Instructions for the task: Below, locate the line that contains "Le 1er avril". Repeat exactly from that line to the line that contains "- Boiler service", inclusive, leaving out the pictures.

(Records from a data source)

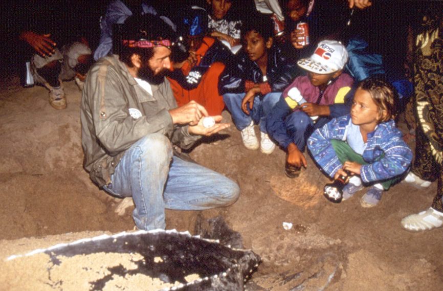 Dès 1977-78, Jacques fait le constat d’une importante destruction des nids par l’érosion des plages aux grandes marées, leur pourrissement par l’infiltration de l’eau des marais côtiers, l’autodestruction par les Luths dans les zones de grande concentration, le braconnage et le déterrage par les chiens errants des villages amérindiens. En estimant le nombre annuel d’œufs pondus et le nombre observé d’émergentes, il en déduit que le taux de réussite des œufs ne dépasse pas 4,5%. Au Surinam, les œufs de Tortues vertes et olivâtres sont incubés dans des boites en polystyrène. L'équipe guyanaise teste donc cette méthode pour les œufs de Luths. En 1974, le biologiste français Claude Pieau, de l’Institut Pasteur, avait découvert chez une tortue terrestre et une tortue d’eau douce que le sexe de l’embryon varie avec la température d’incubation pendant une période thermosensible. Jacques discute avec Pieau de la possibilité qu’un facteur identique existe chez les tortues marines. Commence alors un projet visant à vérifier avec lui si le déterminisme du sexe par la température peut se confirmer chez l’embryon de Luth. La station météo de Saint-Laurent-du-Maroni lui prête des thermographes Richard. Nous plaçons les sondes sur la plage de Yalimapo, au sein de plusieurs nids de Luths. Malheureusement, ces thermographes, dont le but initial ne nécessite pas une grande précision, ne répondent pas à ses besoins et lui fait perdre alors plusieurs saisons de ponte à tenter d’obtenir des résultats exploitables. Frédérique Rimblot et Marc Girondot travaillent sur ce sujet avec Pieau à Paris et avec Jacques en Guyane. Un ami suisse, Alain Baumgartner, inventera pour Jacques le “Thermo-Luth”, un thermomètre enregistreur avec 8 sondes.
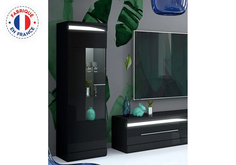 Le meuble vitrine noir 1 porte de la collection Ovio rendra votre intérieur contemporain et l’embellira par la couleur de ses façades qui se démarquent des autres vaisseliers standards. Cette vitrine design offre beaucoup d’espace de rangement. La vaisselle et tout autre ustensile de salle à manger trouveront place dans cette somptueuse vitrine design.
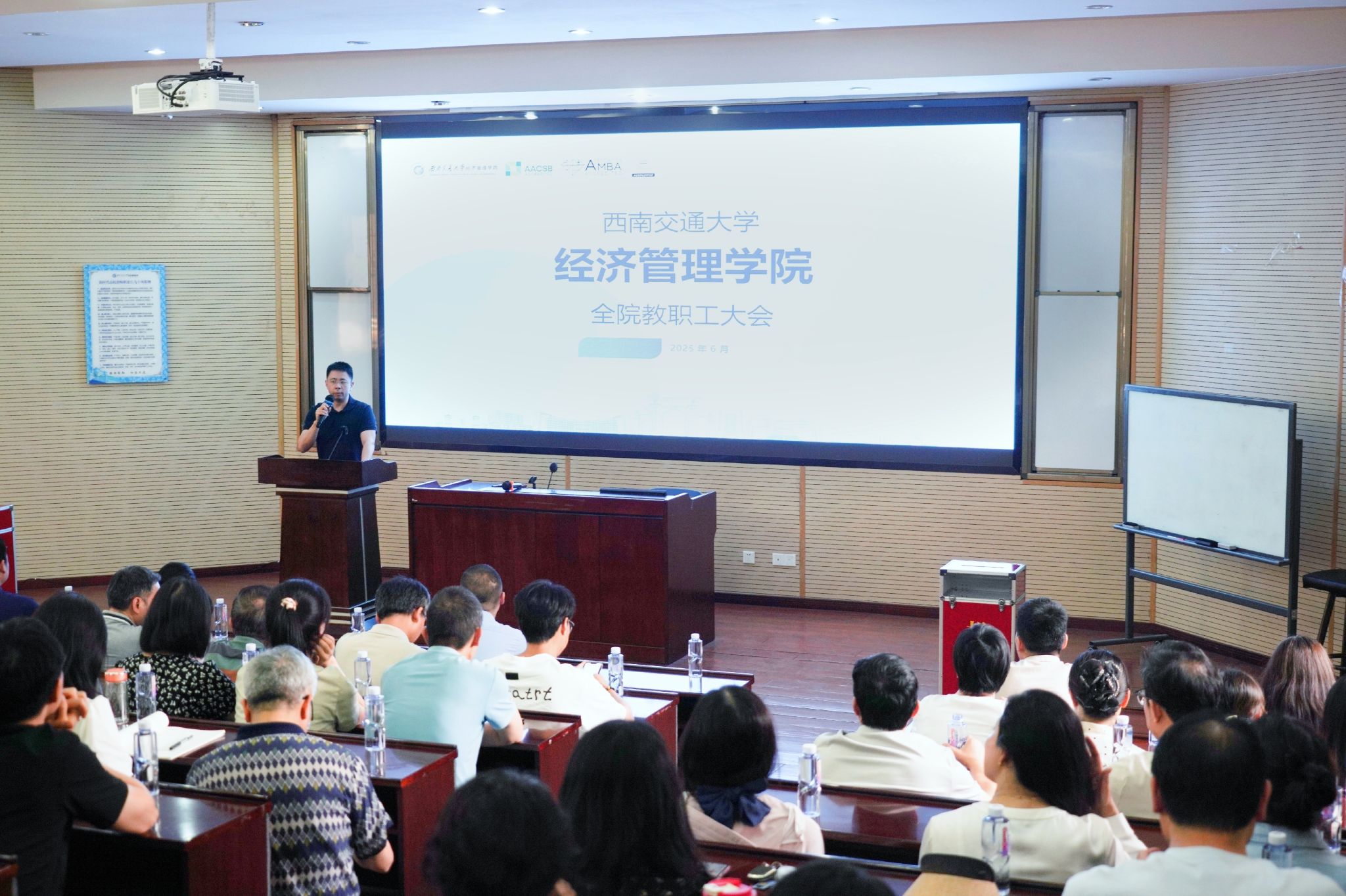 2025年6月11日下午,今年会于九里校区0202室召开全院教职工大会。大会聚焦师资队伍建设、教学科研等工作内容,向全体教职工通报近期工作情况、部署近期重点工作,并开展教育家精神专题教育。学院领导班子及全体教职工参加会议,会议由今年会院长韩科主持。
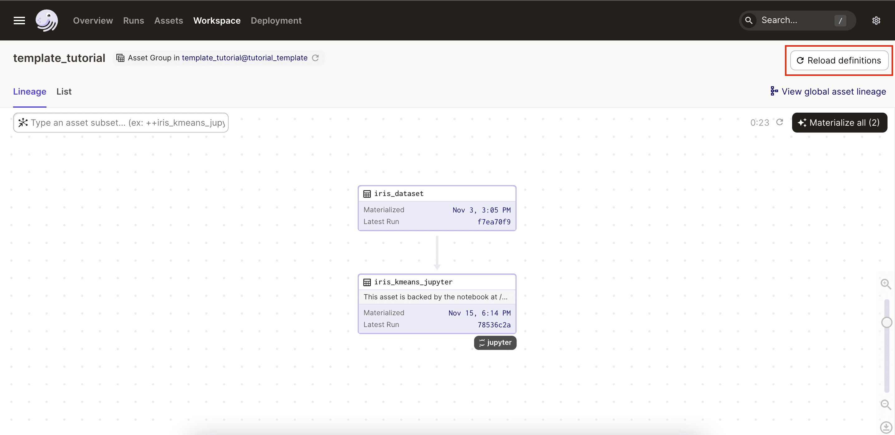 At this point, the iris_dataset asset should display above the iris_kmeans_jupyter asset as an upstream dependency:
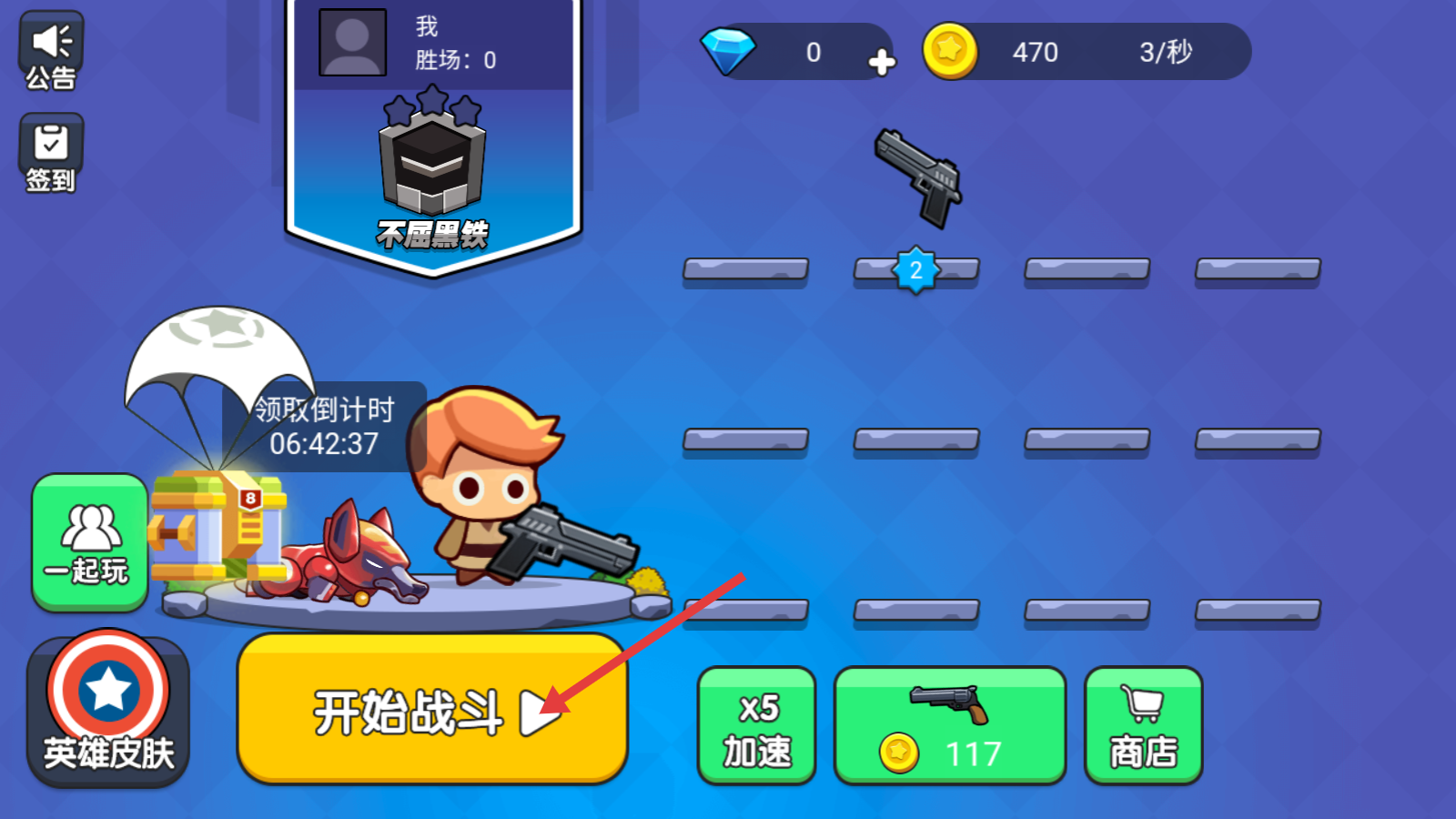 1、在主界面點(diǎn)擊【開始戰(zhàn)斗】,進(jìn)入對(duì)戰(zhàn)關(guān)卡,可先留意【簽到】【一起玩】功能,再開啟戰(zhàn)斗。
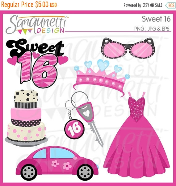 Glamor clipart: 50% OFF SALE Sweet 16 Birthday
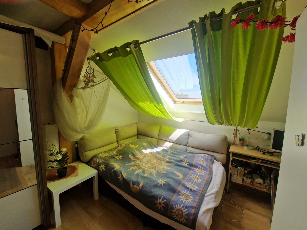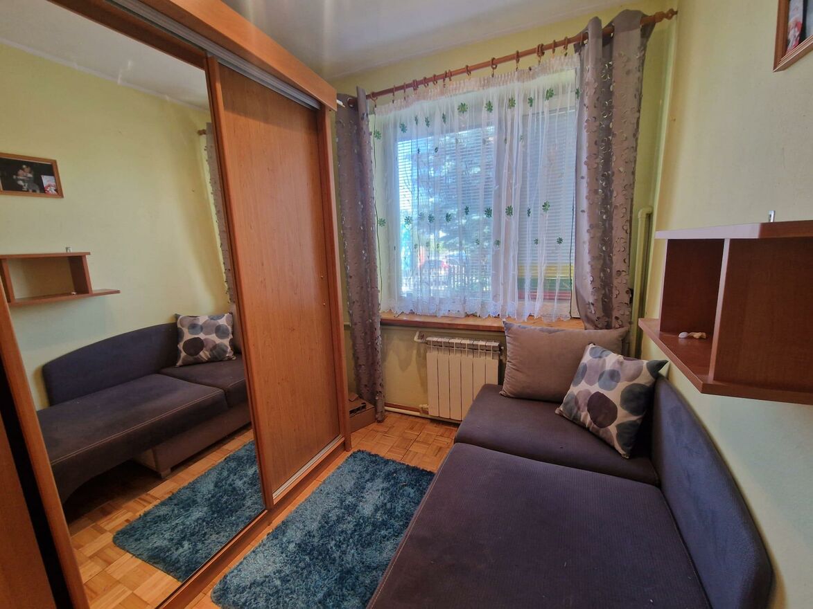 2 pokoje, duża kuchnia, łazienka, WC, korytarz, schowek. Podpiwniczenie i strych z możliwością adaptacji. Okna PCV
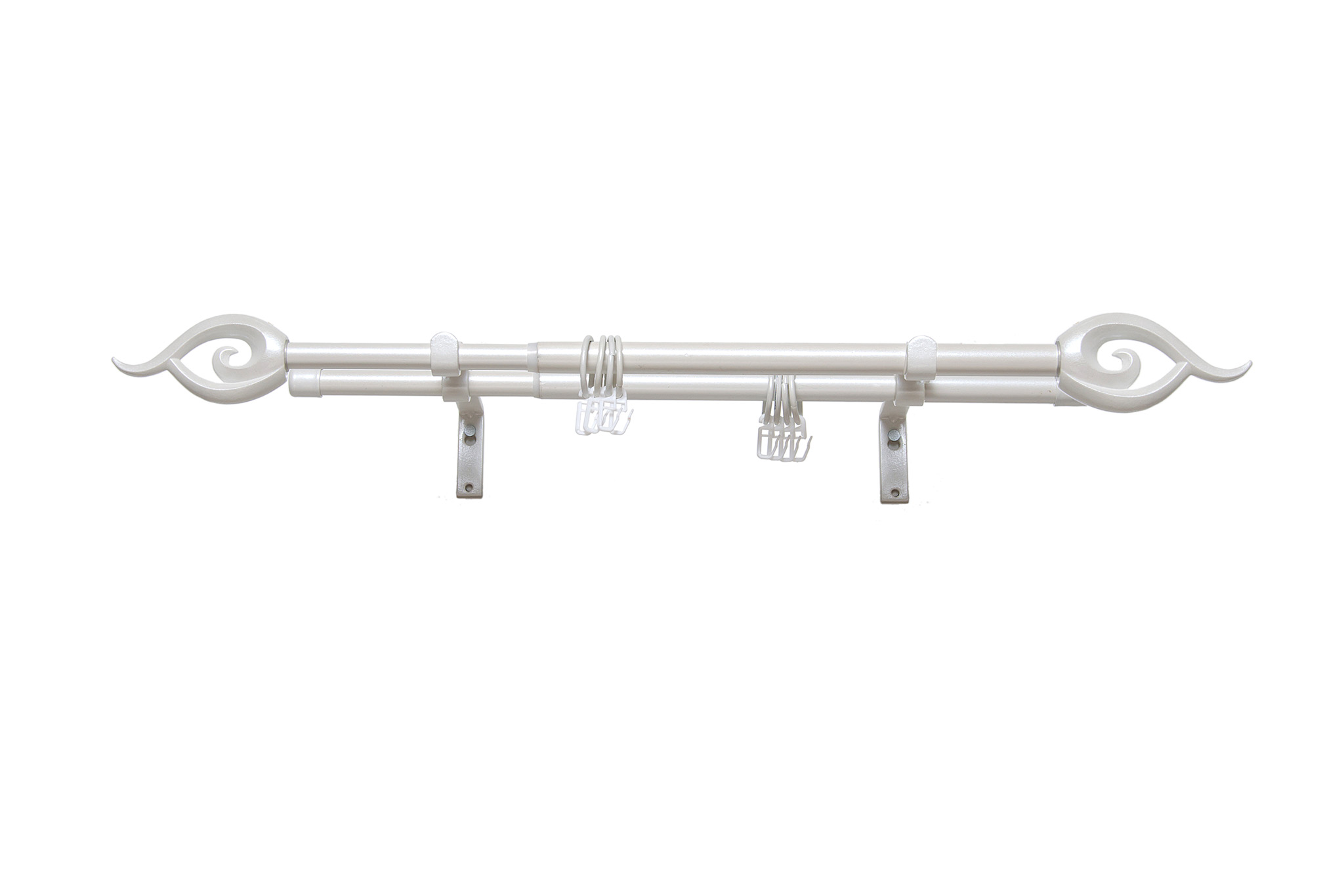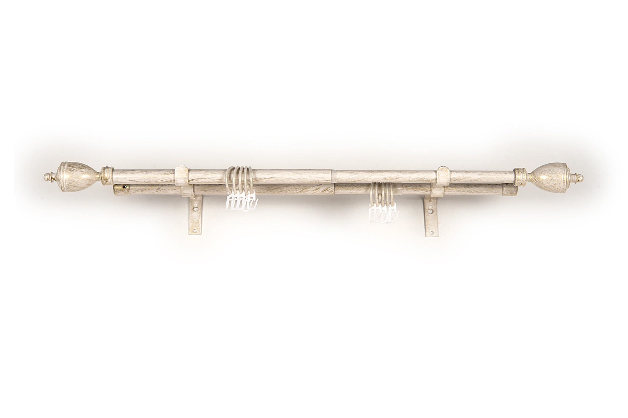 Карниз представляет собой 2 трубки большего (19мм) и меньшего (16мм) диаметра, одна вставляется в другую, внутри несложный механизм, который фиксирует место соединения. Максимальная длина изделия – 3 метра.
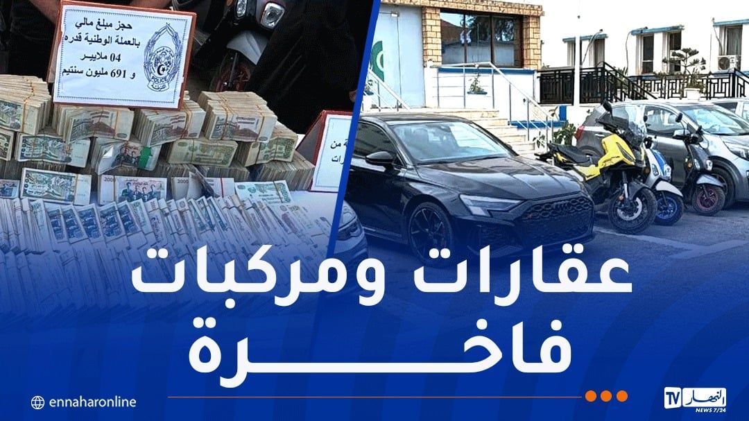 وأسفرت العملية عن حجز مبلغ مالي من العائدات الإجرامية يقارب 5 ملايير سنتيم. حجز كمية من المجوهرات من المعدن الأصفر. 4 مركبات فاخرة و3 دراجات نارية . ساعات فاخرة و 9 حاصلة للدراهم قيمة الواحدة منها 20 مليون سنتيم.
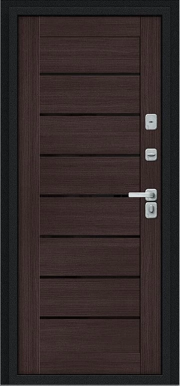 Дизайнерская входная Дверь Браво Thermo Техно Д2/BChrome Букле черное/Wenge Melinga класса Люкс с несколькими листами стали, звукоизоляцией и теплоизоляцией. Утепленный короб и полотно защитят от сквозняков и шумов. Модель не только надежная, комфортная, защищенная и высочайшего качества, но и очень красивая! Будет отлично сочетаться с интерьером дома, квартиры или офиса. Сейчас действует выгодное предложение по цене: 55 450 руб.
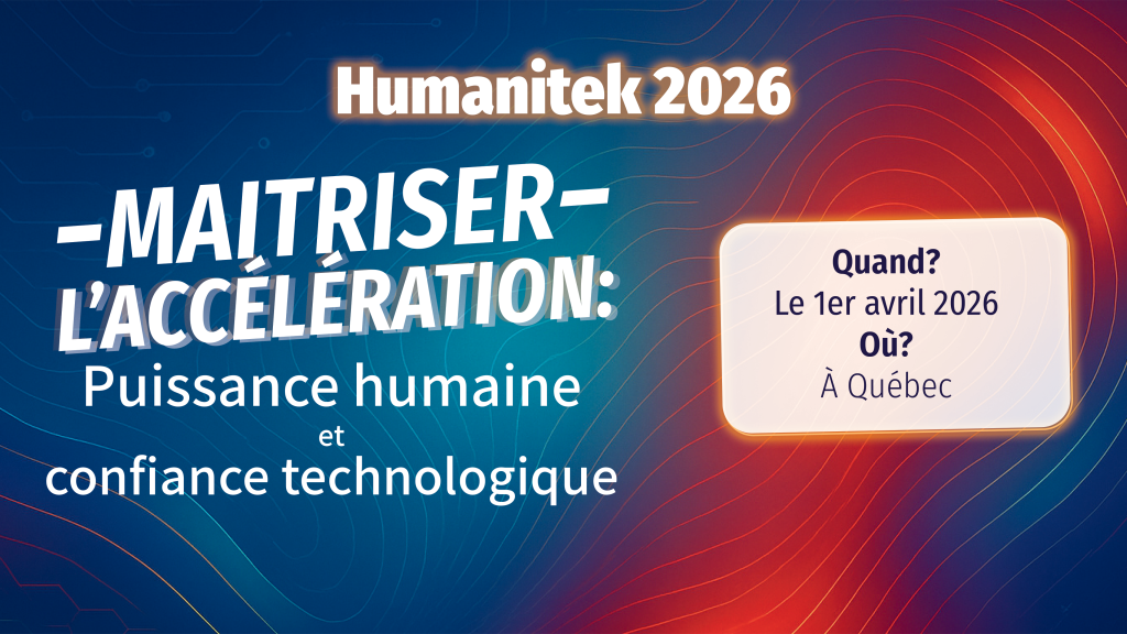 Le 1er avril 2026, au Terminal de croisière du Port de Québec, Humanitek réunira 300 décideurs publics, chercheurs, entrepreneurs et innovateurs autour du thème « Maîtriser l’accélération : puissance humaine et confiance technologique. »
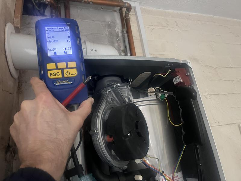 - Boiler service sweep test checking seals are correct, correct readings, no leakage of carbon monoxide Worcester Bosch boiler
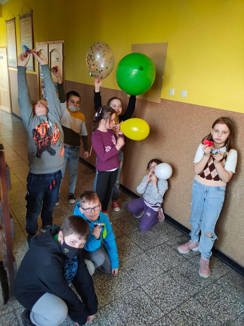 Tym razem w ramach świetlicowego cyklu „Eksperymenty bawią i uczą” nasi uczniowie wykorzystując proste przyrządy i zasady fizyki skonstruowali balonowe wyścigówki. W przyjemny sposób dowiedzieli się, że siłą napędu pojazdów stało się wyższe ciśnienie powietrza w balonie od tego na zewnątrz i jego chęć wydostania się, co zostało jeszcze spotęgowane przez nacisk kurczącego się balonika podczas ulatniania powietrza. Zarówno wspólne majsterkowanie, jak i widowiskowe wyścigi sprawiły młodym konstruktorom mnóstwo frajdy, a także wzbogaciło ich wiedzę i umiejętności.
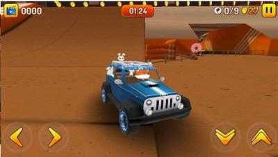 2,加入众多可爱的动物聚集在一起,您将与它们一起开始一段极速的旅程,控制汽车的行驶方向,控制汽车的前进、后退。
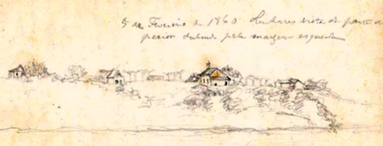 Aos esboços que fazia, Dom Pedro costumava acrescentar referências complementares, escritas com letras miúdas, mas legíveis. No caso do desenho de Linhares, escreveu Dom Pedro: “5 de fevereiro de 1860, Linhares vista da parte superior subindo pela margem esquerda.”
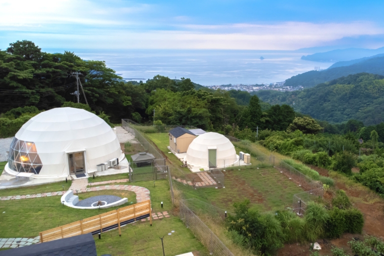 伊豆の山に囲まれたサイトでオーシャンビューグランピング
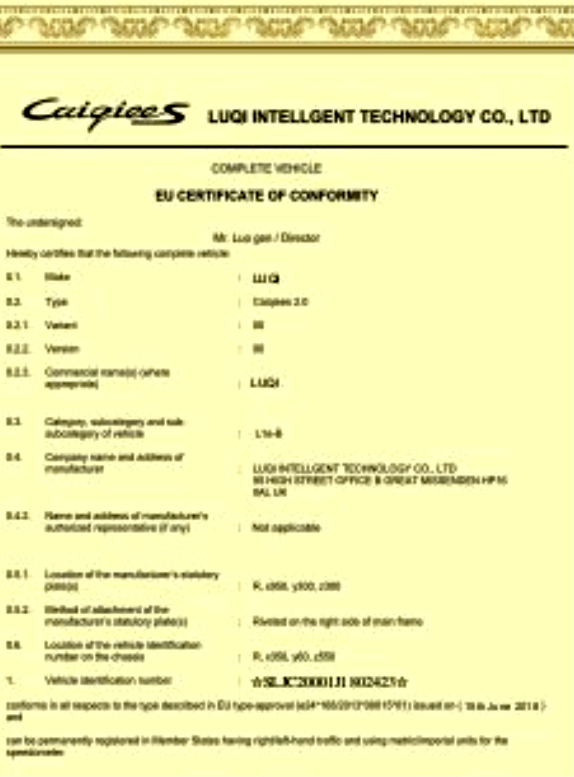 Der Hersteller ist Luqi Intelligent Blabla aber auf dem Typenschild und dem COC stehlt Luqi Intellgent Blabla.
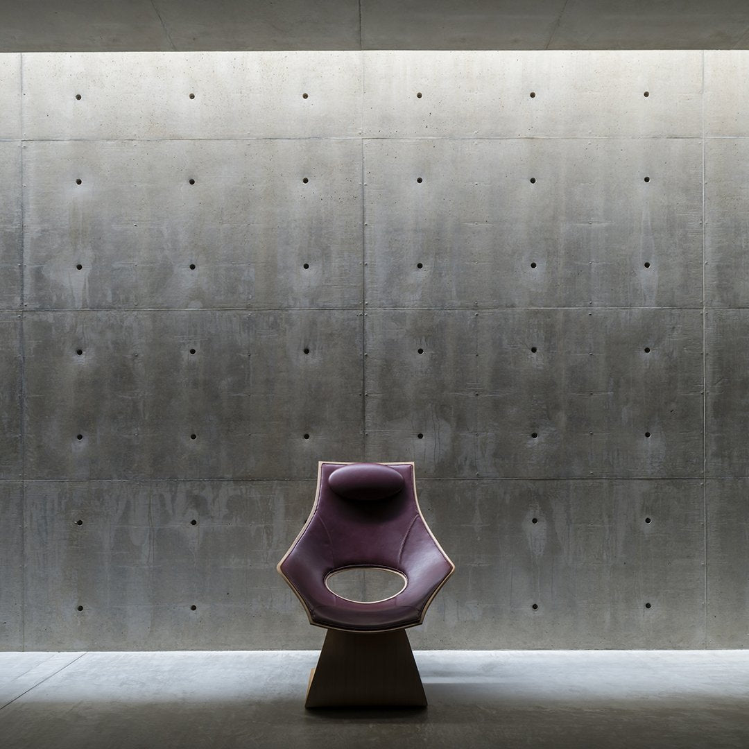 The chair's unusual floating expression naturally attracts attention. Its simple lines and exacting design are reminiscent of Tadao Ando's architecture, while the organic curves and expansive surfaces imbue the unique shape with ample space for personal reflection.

Exercise output:
 Le 1er avril 2026, au Terminal de croisière du Port de Québec, Humanitek réunira 300 décideurs publics, chercheurs, entrepreneurs et innovateurs autour du thème « Maîtriser l’accélération : puissance humaine et confiance technologique. »
 - Boiler service sweep test checking seals are correct, correct readings, no leakage of carbon monoxide Worcester Bosch boiler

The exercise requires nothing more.